- _Work request_
Using only the entries below, output the lines starting at the one containing "CENDIMOR is a" and ending at the one containing "Homeridge House Longridge", exactly and inclusive of both, omitting the pictures.

- _Information supplied_
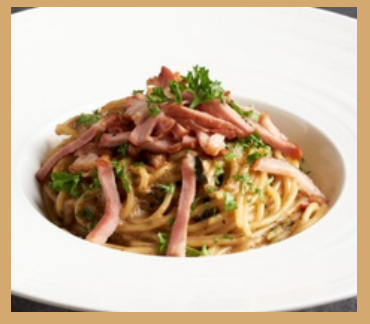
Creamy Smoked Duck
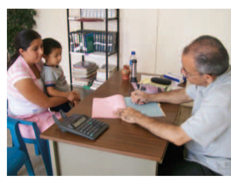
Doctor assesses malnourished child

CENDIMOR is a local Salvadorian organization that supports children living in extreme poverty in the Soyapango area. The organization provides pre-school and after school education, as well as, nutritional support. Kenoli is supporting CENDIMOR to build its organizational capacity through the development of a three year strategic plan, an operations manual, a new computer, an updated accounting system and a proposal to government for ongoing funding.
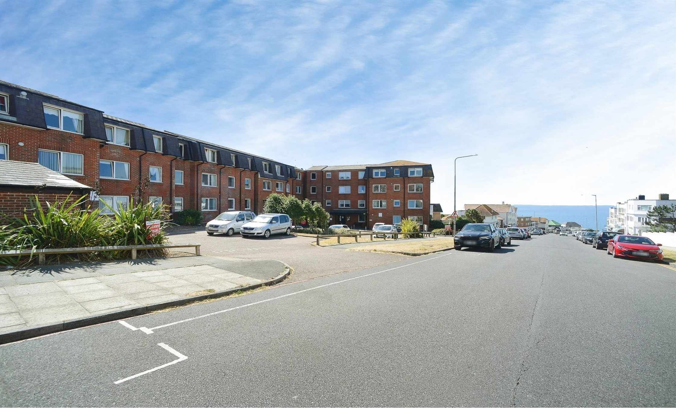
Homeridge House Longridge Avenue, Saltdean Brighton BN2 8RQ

* * *

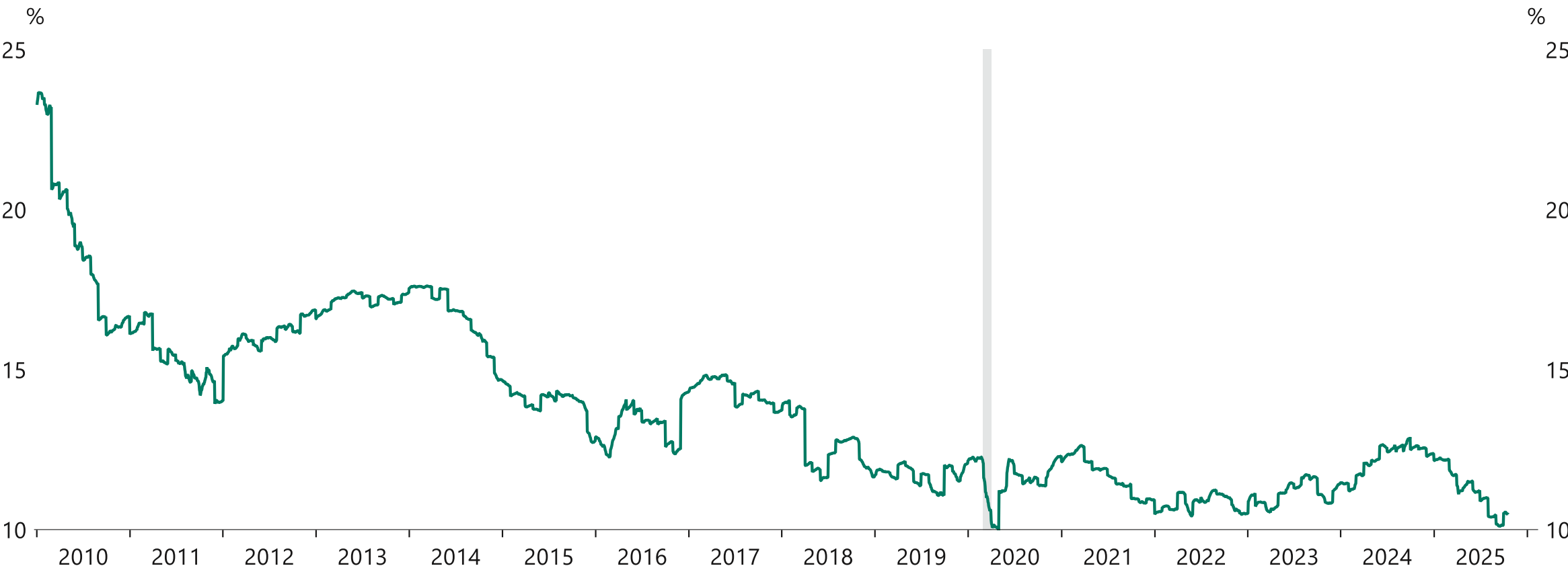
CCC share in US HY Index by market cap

...

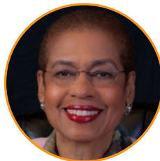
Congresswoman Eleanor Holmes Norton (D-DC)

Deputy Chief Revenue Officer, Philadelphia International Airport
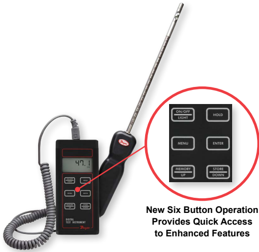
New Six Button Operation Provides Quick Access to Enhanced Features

- _Solution below_
CENDIMOR is a local Salvadorian organization that supports children living in extreme poverty in the Soyapango area. The organization provides pre-school and after school education, as well as, nutritional support. Kenoli is supporting CENDIMOR to build its organizational capacity through the development of a three year strategic plan, an operations manual, a new computer, an updated accounting system and a proposal to government for ongoing funding.
Homeridge House Longridge Avenue, Saltdean Brighton BN2 8RQ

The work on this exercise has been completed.